Available data

━━━━━━━━━━━━━━━━━━━━

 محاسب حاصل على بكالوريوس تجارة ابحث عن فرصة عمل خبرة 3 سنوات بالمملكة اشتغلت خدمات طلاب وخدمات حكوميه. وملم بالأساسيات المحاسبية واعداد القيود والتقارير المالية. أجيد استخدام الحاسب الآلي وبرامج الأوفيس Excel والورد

━━━━━━━━━━━━━━━━━━━━

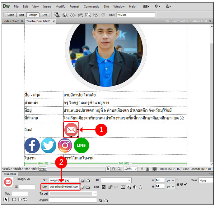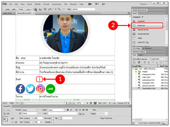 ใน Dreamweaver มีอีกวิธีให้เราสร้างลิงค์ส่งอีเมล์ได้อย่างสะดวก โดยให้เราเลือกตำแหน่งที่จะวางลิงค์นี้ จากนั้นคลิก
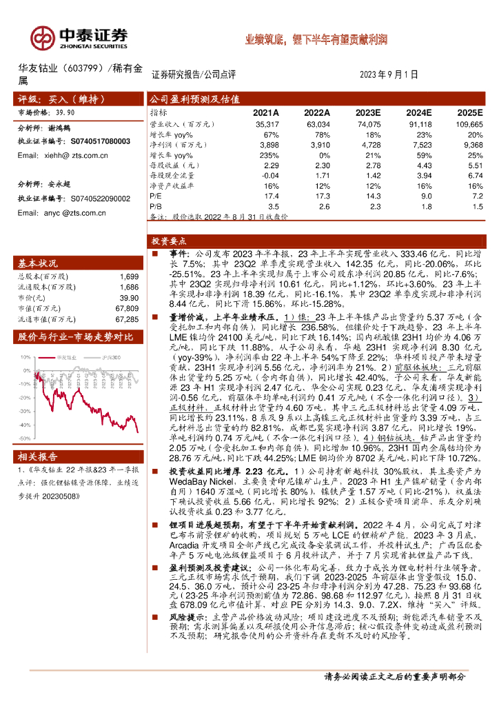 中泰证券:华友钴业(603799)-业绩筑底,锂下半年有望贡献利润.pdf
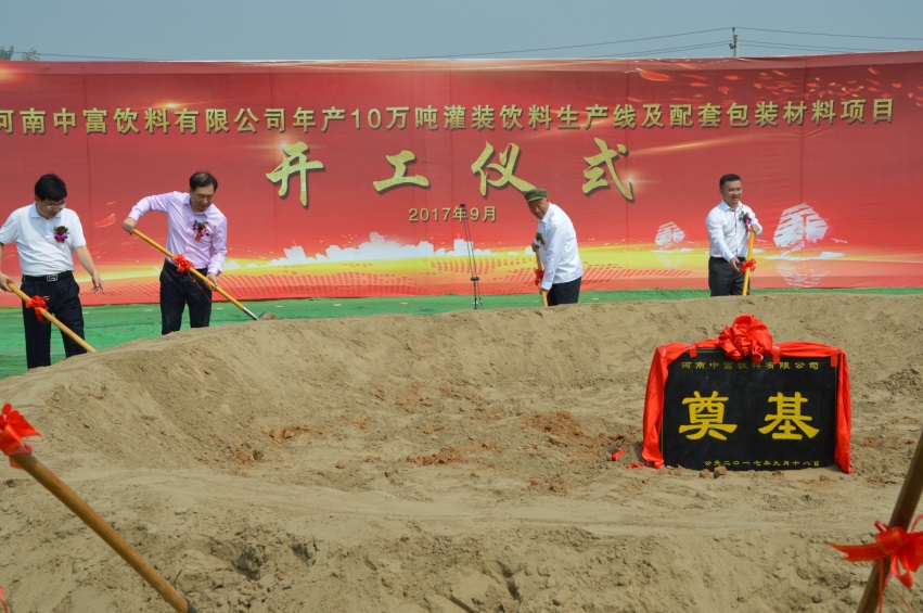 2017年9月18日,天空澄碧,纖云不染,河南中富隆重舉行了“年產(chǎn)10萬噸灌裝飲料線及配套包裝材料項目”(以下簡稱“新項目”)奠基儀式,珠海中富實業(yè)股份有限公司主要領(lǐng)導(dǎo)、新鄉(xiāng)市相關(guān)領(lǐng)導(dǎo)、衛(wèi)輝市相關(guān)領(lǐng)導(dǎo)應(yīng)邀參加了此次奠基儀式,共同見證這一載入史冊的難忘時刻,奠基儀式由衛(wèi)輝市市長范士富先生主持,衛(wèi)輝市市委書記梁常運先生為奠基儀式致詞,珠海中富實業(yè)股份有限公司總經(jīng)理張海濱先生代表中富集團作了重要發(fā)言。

━━━━━━━━━━━━━━━━━━━━

Work item
Look above for the line containing "中泰证券:华友钴业(603799)-业绩筑底,锂下半年有望贡献利润.pdf", then copy exactly from it through the line containing "2017年9月18日,天空澄", keeping both and leaving out pictures. Add nothing else.

Completed exercise
 中泰证券:华友钴业(603799)-业绩筑底,锂下半年有望贡献利润.pdf
 2017年9月18日,天空澄碧,纖云不染,河南中富隆重舉行了“年產(chǎn)10萬噸灌裝飲料線及配套包裝材料項目”(以下簡稱“新項目”)奠基儀式,珠海中富實業(yè)股份有限公司主要領(lǐng)導(dǎo)、新鄉(xiāng)市相關(guān)領(lǐng)導(dǎo)、衛(wèi)輝市相關(guān)領(lǐng)導(dǎo)應(yīng)邀參加了此次奠基儀式,共同見證這一載入史冊的難忘時刻,奠基儀式由衛(wèi)輝市市長范士富先生主持,衛(wèi)輝市市委書記梁常運先生為奠基儀式致詞,珠海中富實業(yè)股份有限公司總經(jīng)理張海濱先生代表中富集團作了重要發(fā)言。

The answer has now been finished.